'Doctor Who' vuelve con una historia trepidante

Doctor Who‘ es una de esas series que a la hora de recomendarla, no sabes exactamente como decirlo. “Un señor del tiempo que tiene una nave en forma de cabina de policía y que viaja a través del tiempo y del espacio”. Sí, claro, y es en esa ocasión cuando te piden tú carnet de identidad para comprobar tu edad y ver que no estás emocionado por una serie que parece un cuento de niños.

Y lo cierto es que si se piensa bien, ‘Doctor Who‘ hasta la época de Matt Smith siempre ha sido un poco un cuento de niños, contando historias que nos hacían volar la imaginación y que eran tan blancas que le acababan gustando a cada miembro de la familia. Eso fue hasta Matt Smith (y quizás un poco la última de Tennant), porque entonces llegó Steven Moffat y le dio una vuelta de tuerca al doctor, y esta segunda temporada de Matt Smith es clara prueba de ello.

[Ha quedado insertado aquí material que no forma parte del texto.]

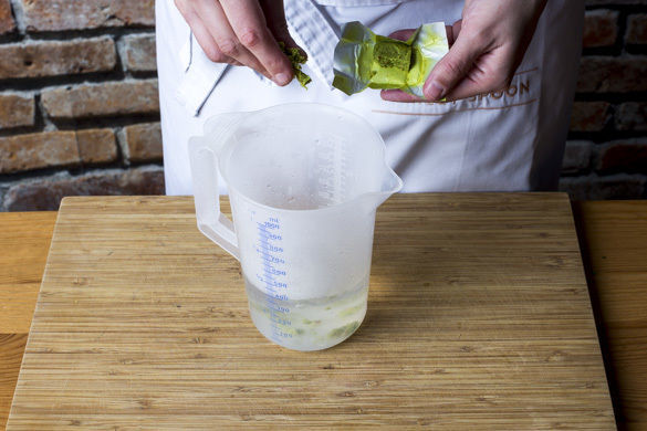 Den Brühwürfel in einem Messbecher in 1,2L heißem Wasser auflösen. Die Safranfäden in einem Mörser mit 1 Prise Zucker oder Salz fein zerstoßen und anschließend in ca. 2TL heißem Wasser auflösen.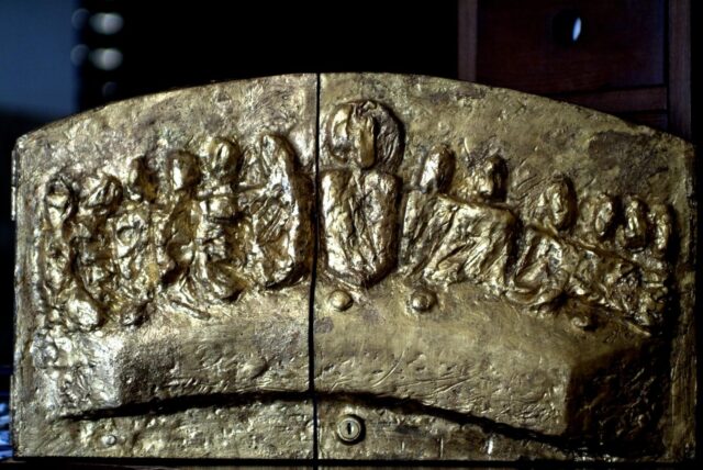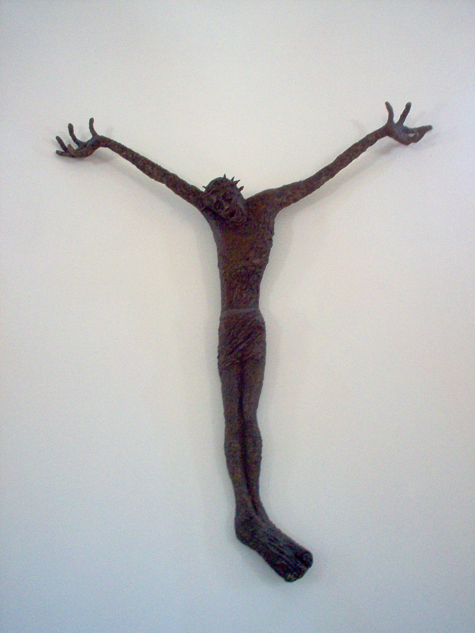 Skulptura raspetog Krista Ljubice Dragojević Buble koja se nalazi iza oltara u crkvi svete Marte u Planom kod Trogira. Krist visi na zidu bez Križa, ili na nevidljivom Križu , njegovo je tijelo deformirano i snažno stilizirano. Kao da samo sobom simbolizira križ. Sva energija njegove bolne obješenosti kao da se slila u goleme otvorene šake. Ne vide se čavli, ili se slabo vide, no napadno odskaču golemi rastvoreni prsti. Ti rastvoreni prsti snažno sugeriraju patnju. Krist je snažno i skladno stiliziran u Patnika čiju bol možemo vizualno vrlo neposredno osjetiti. U isti mah, svojom snažnom stilizacijom nadrasta patnika u viziju uskrslog Krista! Onoga koji je nadvisio patnju i već zrije ovdašnju ljepotu i sklad svojim pogledom iz nadsvijeta.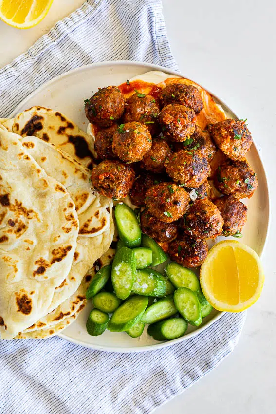 These lamb meatballs flavored with homemade harissa paste are aromatic, juicy and just a little spicy. They are perfect for dinner served with flatbread, yogurt sauce and sliced cucumber.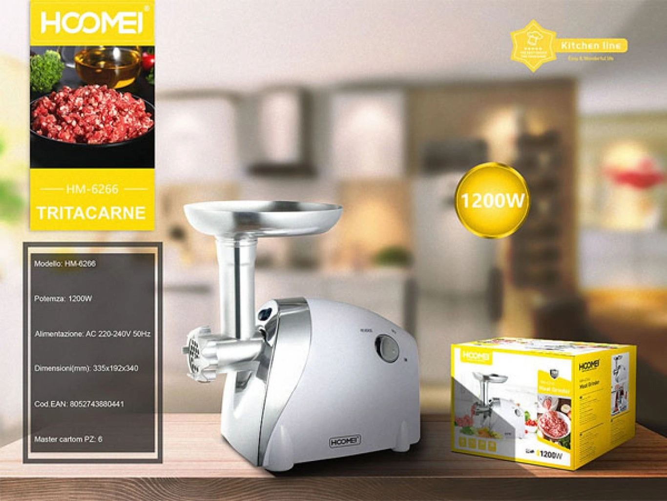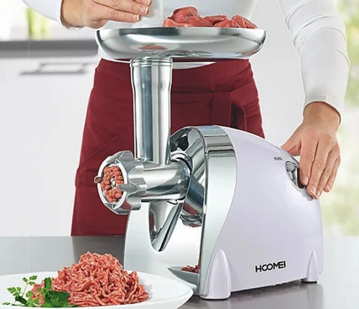 Μηχανή άλεσης κιμά HM-6266, της εταιρείας Hoomei, με ισχύ 1200 Watt. Είναι κατάλληλη για να φτιάξετε μόνοι σας σπιτικό κιμά από μοσχάρι, χοιρινό, κοτόπουλο ή ακόμα και ψάρι.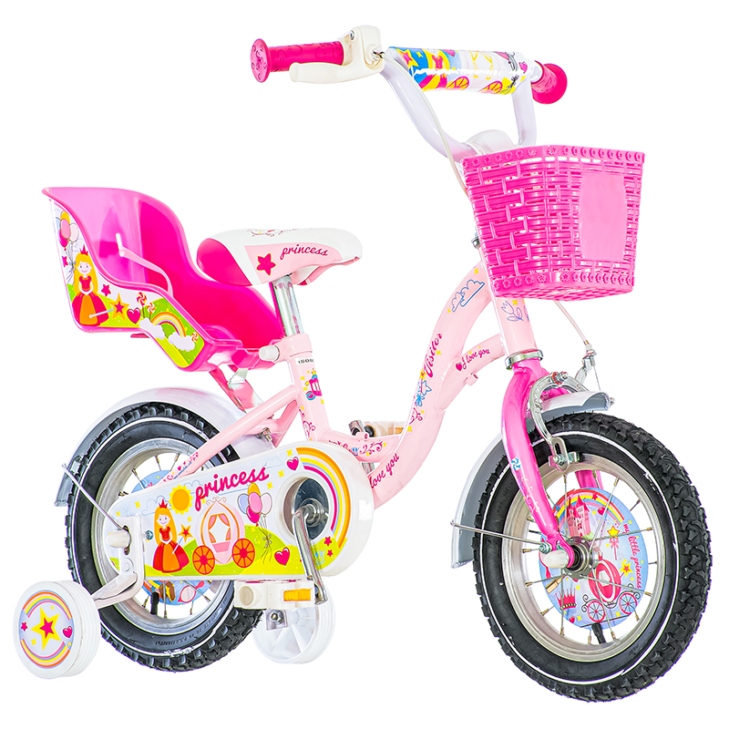 Bicicleta 12 inch, cos si scaun papusi, roti ajutatoare, V-Brake, Princess roz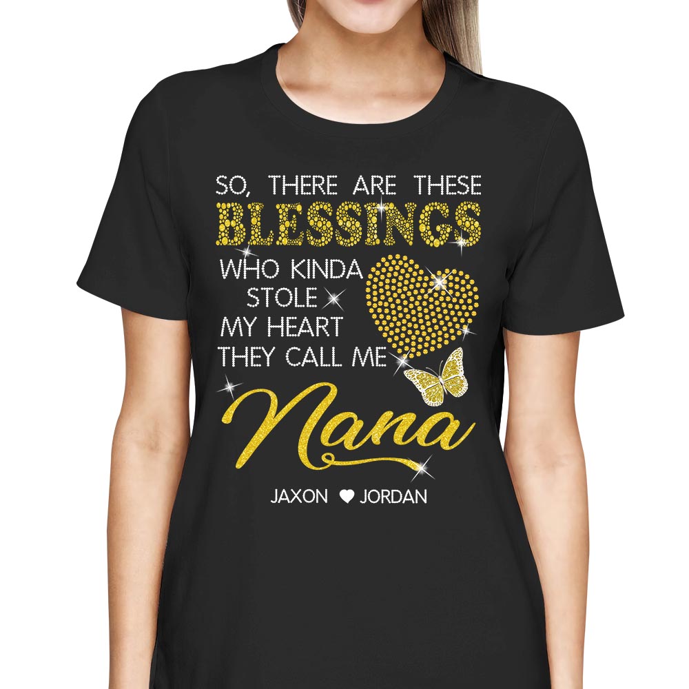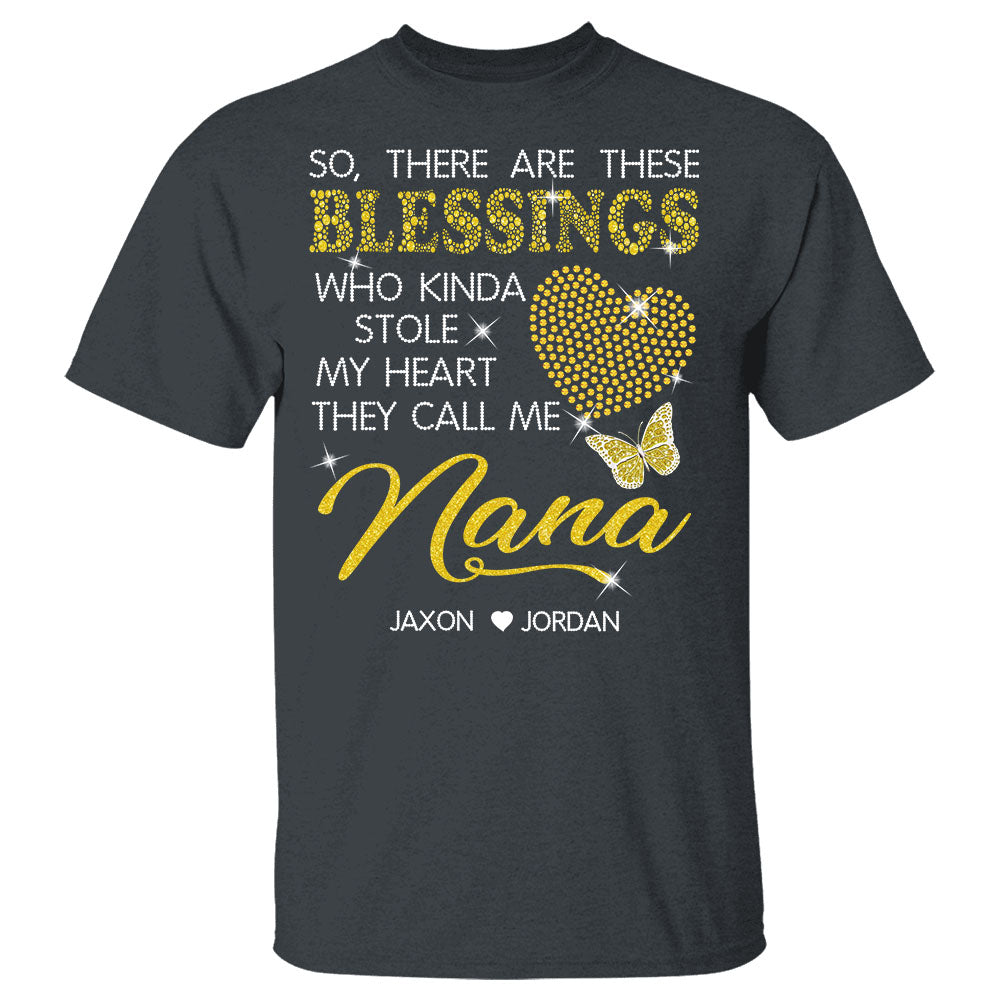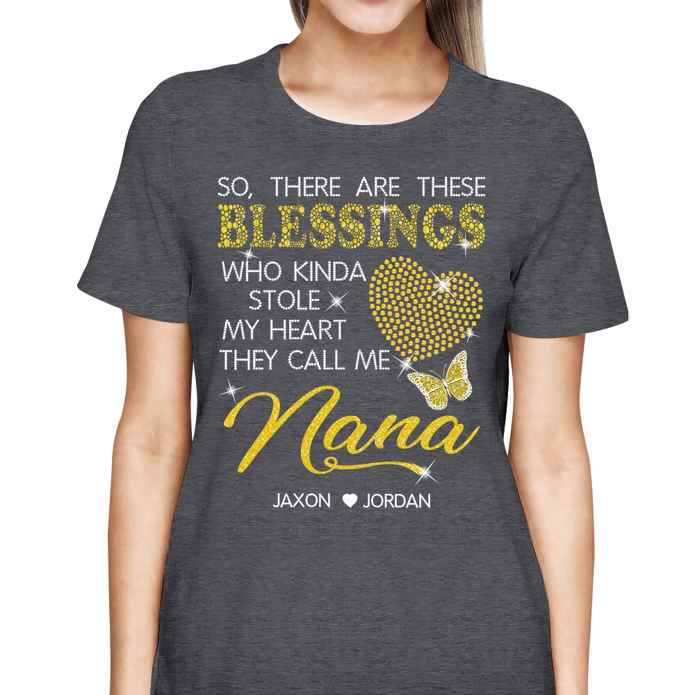 Personalized Nana Crystal Shaped Heart T Shirt So There Are These Blessings Who Kinda Stole My Heart They Call Me Nana Shirt

La primera temporada de Matt Smith nos trajo a un Doctor mucho más adulto, más desafiante y más serio de cara a los problemas que amenazan la tierra, claro ejemplo fue esa increíble presentación de su regeneración donde se recordaron a todos los doctores y el undécimo amenazó a los alienígenas con su presencia. También nos trajo a una acompañante diferente a todas las demás, con un componente sexual importante y un caracter que la hace tener una relación de amor-cariño-odio hacia el doctor realmente interesante. También conocimos a River, esa relación del Doctor con una línea temporal propia que nos trae a todos de cabeza tanto por su actitud como por su relación con el Doctor hacia atrás, que aunque en un momento parece que lo entiendes, al siguiente episodio vuelves a estar liado.

Steven Moffat dijo que cuando era pequeño el Doctor siempre le inspiraba un miedo aterrador, pero que le gustaba verlo. Gracias a eso es por lo que pudimos disfrutar en la primera temporada de esos monstruos que aterrorizan sin estar ahí, esos que sabes que están debajo de tu cama pero que no los ves, los que se esconden en el rabillo del ojo y que sabes que están ahí. Con esa filosofía empezamos la segunda temporada de Matt Smith, con The Silence, un concepto que ya vimos en la primera temporada pero que se dejó un poco a un lado por el tema de las grietas y que se ha recuperado ahora.

Y con The Silence hemos encontrado los que son, para mí, uno de los mejores monstruos del universo de ‘Doctor Who‘. ¿Quién se imaginaba un concepto tan simple y a la vez tan aterrador? Unos alienígenas que influyen en ti y que solo te acuerdas de ellos cuando los ves, ya que en el momento de perderlos de tu vista ya te has olvidado de ellos. Sí, a alguno le recordarán a los elfos de Mundodisco, pero el concepto sigue siendo simplemente icnreíble, al igual que la manera del Doctor de salvar la Tierra de ellos., que fue completamente genial e inesperada.

Y si con The Silence no tuviéramos bastante, Moffat nos ha introducido dos elementos inquietantes y a la vez interesantes, uno es la muerte del Doctor y el otro es el no-embarazo de Amy con mujer extraña con parche incluída, todo contado a través de seriales basados en la trama principal o en episodios realmente divertidos como el último ‘The Doctor’s Wife’ o clásicos episodios de “monstruo de la semana” como fue el de los piratas.

En definitiva, esta segunda temporada de ‘Doctor Who’ pinta increíblemente bien. Lo único negativo que tengo para sacarle es que va a estar dividida en dos partes y nos van a dejar comiéndonos las uñas, ya que el final de la primera parte acaba en un serial de dos episodios que no veremos resuelto hasta septiembre. Por cierto, una curiosidad que me comentó un amigo muy fan de la serie ¿qué manía tienen en esta temporada con la palma de la mano?